Mi cuerpo ya debía de estar paralizado; pero, por el choque vivísimo que recibió la mente, comprendí perfectamente aquel aviso misterioso que antes me llegara de lo profundo del alma y que el desesperado esfuerzo del instinto animal realizara, para que yo dirigiera el psiquismo sustentador de las células cansa­das. La comunicación del médico me heló definitivamente las entrañas, si es que aún existía en ellas algún calor de vida ani­mal. Aunque yo siempre había sido un devoto estudioso del Es­piritismo filosófico y científico del mundo terreno, es inútil in­tentar describiros el terrible sentimiento de abandono y aflicción que me embargaba el alma en aquel momento. No temía a la muerte, pero partía de la Tierra exactamente en el momento que más deseaba vivir, porque principiaba a realizar proyectos que venía madurando desde la infancia y, además, estaba próximo a constituir mi hogar, lo que también formaba parte de mi progra­ma de actividades futuras.

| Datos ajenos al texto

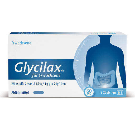 Glycilax® mit dem Wirkstoff Glycerol ist ein mildes Präparat zur Förderung der Verdauung, indem es den Darminhalt aufweicht und die Gleitfähigkeit des Stuhls erhöht. Dadurch kann der Stuhlgang angeregt und die Entleerung erleichtert werden.

Quise abrir los ojos, pero los párpados me pesaban como plo­mo; realicé hercúleos esfuerzos para efectuar algún movimiento, por débil que fuese, con la esperanza de que los presentes descu­briesen que yo aún no había "muerto", cosa que de modo alguno podía saber, debido a mi conflicto interior. Entonces repercutió violentamente ese esfuerzo por la red "psico-mental" y se aviva­ron aún más los sentidos agudizados del alma, los cuales me trasmitían las noticias del mundo físico a través del extraño sistema telefónico que yo ignoraba poseer. Me sentía pegado a la piel o a las carnes cada vez más heladas, como si estuviera apoyado sobre frígidas paredes de cemento en una mañana in­vernal. A pesar de ese extraño frío, que yo suponía recibir exclusivamente en el sistema nervioso, podía oír todas las voces de los "vivos", sus sollozos, clamores y descontroles emotivos junto a mi cuerpo.

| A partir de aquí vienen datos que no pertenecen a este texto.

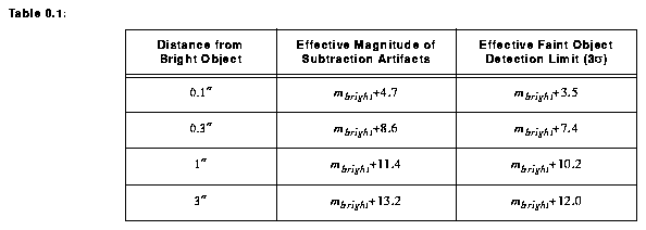 Large angle scattering may also impact identification of very faint objects near very bright ones. This scattering appears to occur primarily in the camera relay optics, or in the CCD. Hence, if a faint target is more than ~10" from a bright object (i.e. very highly saturated object), it would be advisable to place the bright object on a different CCD, so as to minimize large angle scattering in the camera containing the faint target. See section on "Large Angle Scattering" on page 99. Note also that highly saturated PSFs exist for PC1 in filters F439W, F555W, F675W, and F814W, and for F606W on WF3; these may be useful when attempting to subtract the large-angle scattered light. As of this writing TinyTIM does not accurately model the large angle scattering, and should be used with caution when analyzing highly saturated images (Krist 1996).

A través de ese delicadísimo sentido oculto y predominante en otro plano vibratorio, presentí cuando mi madre se inclinó sobre mí y le oí exclamar:

— ¡Atanagildo, hijo mío! Tú no puedes morir, ¡eres tan joven!...

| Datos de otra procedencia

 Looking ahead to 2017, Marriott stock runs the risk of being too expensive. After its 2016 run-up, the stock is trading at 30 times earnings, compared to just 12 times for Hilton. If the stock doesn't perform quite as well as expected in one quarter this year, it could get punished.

Sentí el dolor inmenso y atroz que le corría por el alma, pero yo me encontraba ligado a la materia rígida, sin poder trans­mitirle la más débil señal para aliviarla con la sedativa comu­nicación de que aún me encontraba vivo. En seguida llegaron vecinos, amigos y tal vez algún curioso, pues lo presentía y les captaba el diálogo, aunque todo me ocurría bajo extrañas con­diciones comunes del cuerpo físico. Me sentía a veces suspendido entre las márgenes limítrofes de dos mundos misteriosamente conocidos, pero terriblemente ausentes. En ocasiones, como si el olfato se me agudizase nuevamente, presentía el vaho del alcohol que se usaba para la jeringa hipodérmica, algo parecido al fuerte olor del aceite alcanforado. Todo eso sucedía en el silencio grave de mi alma, porque identificaba los cuadros exteriores, así como no conseguía comprender con exactitud lo que me estaba su­cediendo; permanecía oscilando continuamente, como si estuviera padeciendo una mórbida pesadilla. De vez en cuando, por fuerza de esa agudeza psíquica, el fenómeno se invertía. Entonces me veía centuplicado en todas las reflexiones espirituales, y para­dójicamente me reconocía mucho más vivo de lo que era antes de la enfermedad de que fuera víctima.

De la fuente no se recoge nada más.